***** DATA

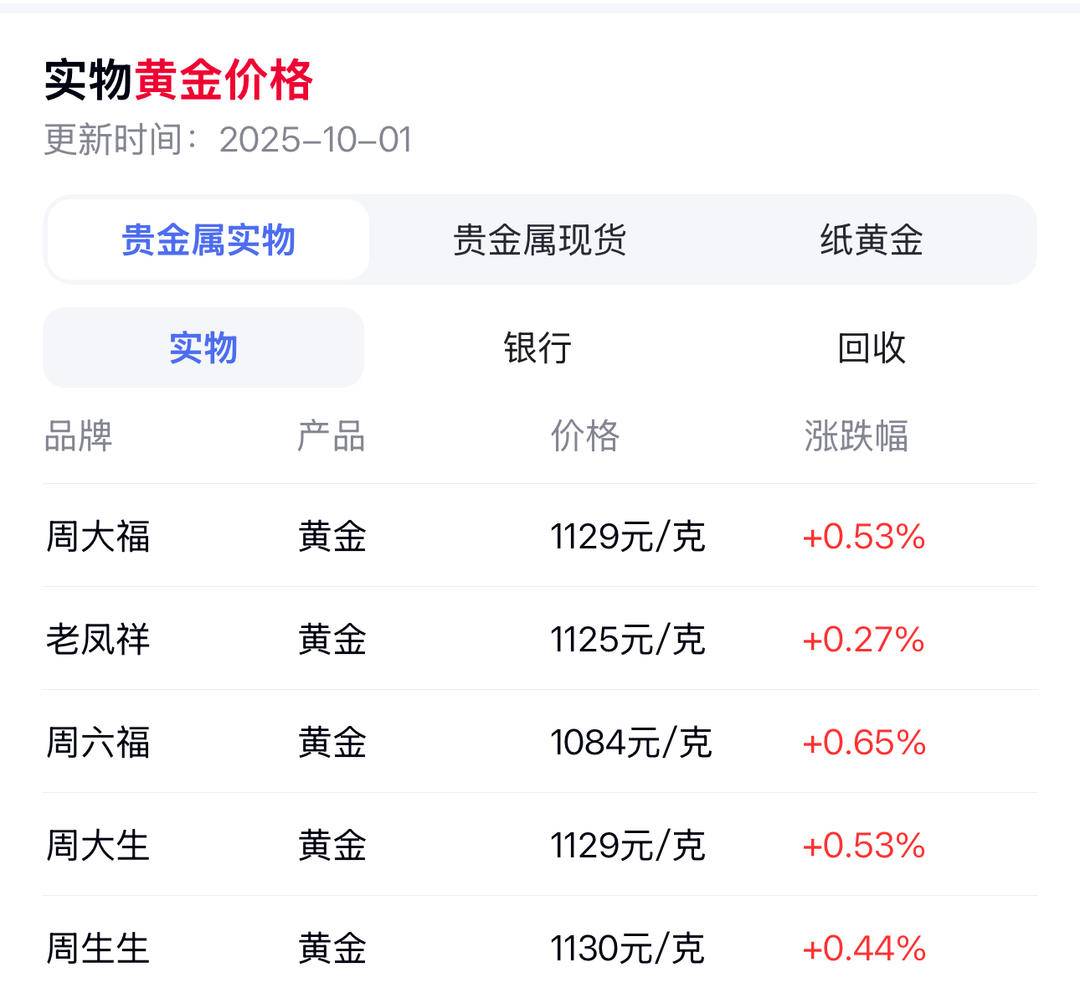 扬子晚报网10月1日讯(记者 范晓林 薄云峰)今天是国庆首日,国内主要金饰品价格继续攀高,克价1084至1130元不等。 今日金价显示,周六福克金1084元,老凤祥1125元,周大福1129元,周生生1130元,周大生1129元,比9月30日上涨0.27%-0.65%。 1日是国庆黄金周的首日,记者在南京河西一家商场的黄金专柜看到,高金价阻挡了消费者购金的热情。老凤祥金铺的柜姐热情地促销到,"今天有活动, 克金1007元。"记者在现场观察10分钟注意到,现场只有一名男性顾客和朋友在咨询。 在周生生专柜,柜姐说,"每克降70元,每克实价1055元"。 截至发稿时,纽约期金站上3900美元/盎司,日内涨0.7%。COMEX黄金一度站上3904美元/盎司。现货黄金向上触及3870美元/盎司,日内涨0.30%。 记者了解到,今年1月初与4月初,国际金价接连迎来两轮迅猛上涨行情,价格从年初的2600美元/盎司快速攀升至3400美元/盎司。9月以后,经历了4个月 3300美元/盎司左右的横盘后,9月2日现货黄金再次突破3500美元/盎司关口,并在9月6日冲上3600美元/盎司的历史新高。短短10日后的9月16日,伦敦现 ...
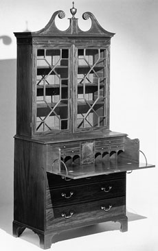 | Figure 28 Secretary-and-bookcase labeled by William Appleton, Salem, Massachusetts, 17951804 (based upon label address at Charter and Liberty Streets.) Mahogany and mahogany veneer with white pine. H. 97 1/2", W. 43 1/4", D. 24 3/8". (Courtesy, Winterthur Museum.) |
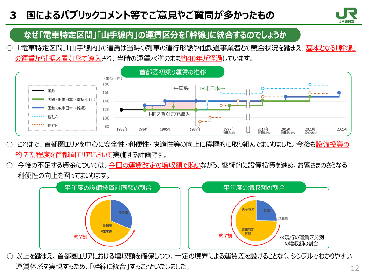 今回のような大幅な運賃改定はJR東日本の発足以来初めてのこと。鉄道利用客がコロナ禍前の水準に戻っていないことや、「進行する人口減少や少子高齢化に加え、昨今の物価高騰など、鉄道事業の収益確保が厳しさを増す」(同社喜㔟陽一代表取締役社長メッセージ)といい、「設備投資や修繕等に必要な資金を安定的に確保することが、弊社の経営努力のみでは困難な状況」(同)と理解を求めます。
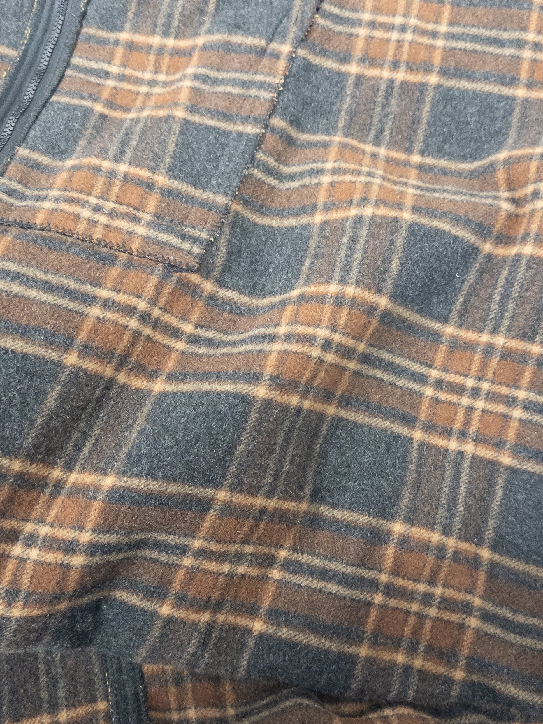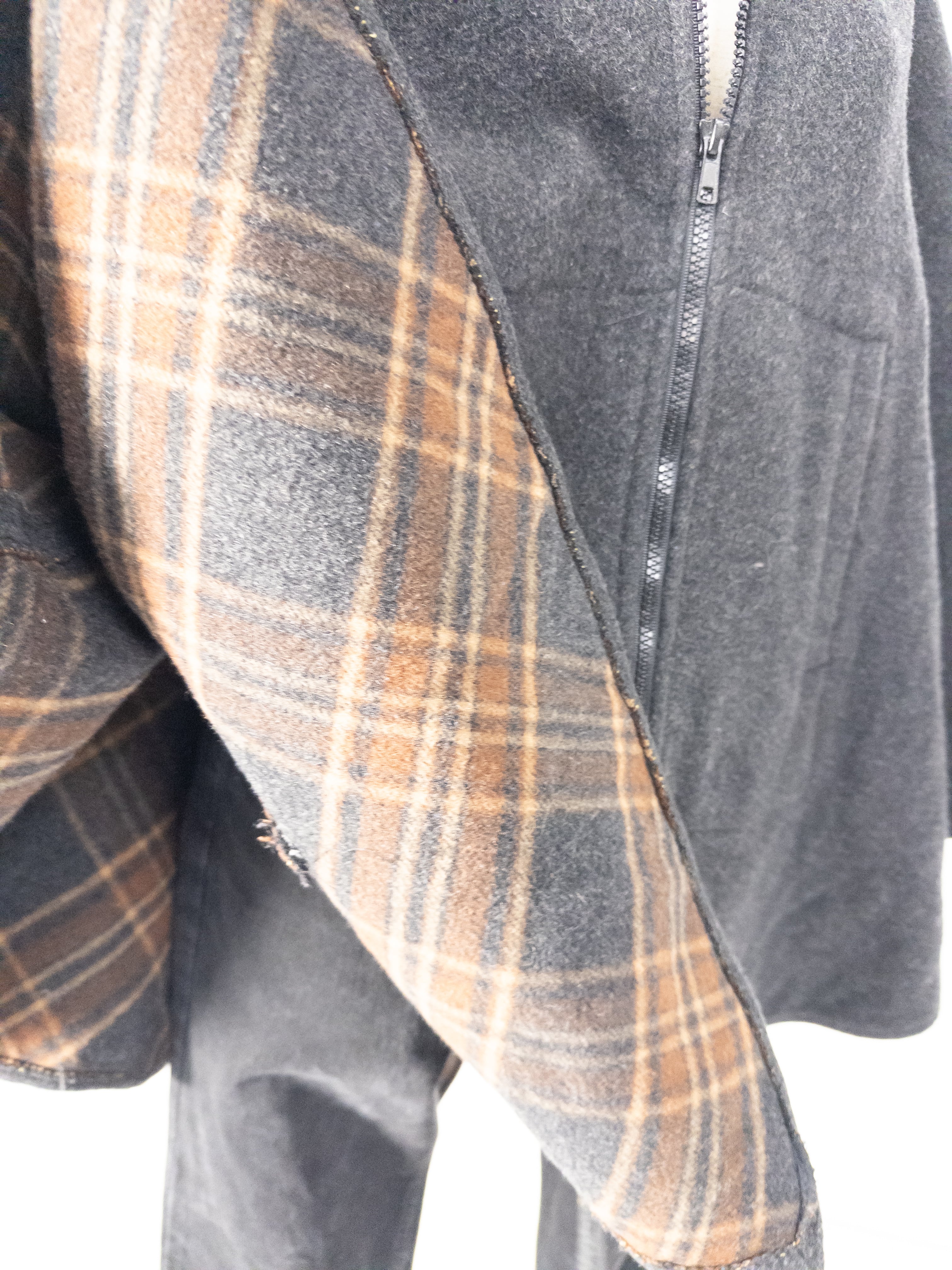 一見ミニマルなチャコールグレーですが、内側にはブラウン基調のチェックライニング。

**********

#### [WHAT IS REQUIRED]
Leaving the pictures aside, transcribe the entire listing exactly.

#### [PROBLEM SOLUTION]
 扬子晚报网10月1日讯(记者 范晓林 薄云峰)今天是国庆首日,国内主要金饰品价格继续攀高,克价1084至1130元不等。 今日金价显示,周六福克金1084元,老凤祥1125元,周大福1129元,周生生1130元,周大生1129元,比9月30日上涨0.27%-0.65%。 1日是国庆黄金周的首日,记者在南京河西一家商场的黄金专柜看到,高金价阻挡了消费者购金的热情。老凤祥金铺的柜姐热情地促销到,"今天有活动, 克金1007元。"记者在现场观察10分钟注意到,现场只有一名男性顾客和朋友在咨询。 在周生生专柜,柜姐说,"每克降70元,每克实价1055元"。 截至发稿时,纽约期金站上3900美元/盎司,日内涨0.7%。COMEX黄金一度站上3904美元/盎司。现货黄金向上触及3870美元/盎司,日内涨0.30%。 记者了解到,今年1月初与4月初,国际金价接连迎来两轮迅猛上涨行情,价格从年初的2600美元/盎司快速攀升至3400美元/盎司。9月以后,经历了4个月 3300美元/盎司左右的横盘后,9月2日现货黄金再次突破3500美元/盎司关口,并在9月6日冲上3600美元/盎司的历史新高。短短10日后的9月16日,伦敦现 ...
 | Figure 28 Secretary-and-bookcase labeled by William Appleton, Salem, Massachusetts, 17951804 (based upon label address at Charter and Liberty Streets.) Mahogany and mahogany veneer with white pine. H. 97 1/2", W. 43 1/4", D. 24 3/8". (Courtesy, Winterthur Museum.) |
 今回のような大幅な運賃改定はJR東日本の発足以来初めてのこと。鉄道利用客がコロナ禍前の水準に戻っていないことや、「進行する人口減少や少子高齢化に加え、昨今の物価高騰など、鉄道事業の収益確保が厳しさを増す」(同社喜㔟陽一代表取締役社長メッセージ)といい、「設備投資や修繕等に必要な資金を安定的に確保することが、弊社の経営努力のみでは困難な状況」(同)と理解を求めます。
 一見ミニマルなチャコールグレーですが、内側にはブラウン基調のチェックライニング。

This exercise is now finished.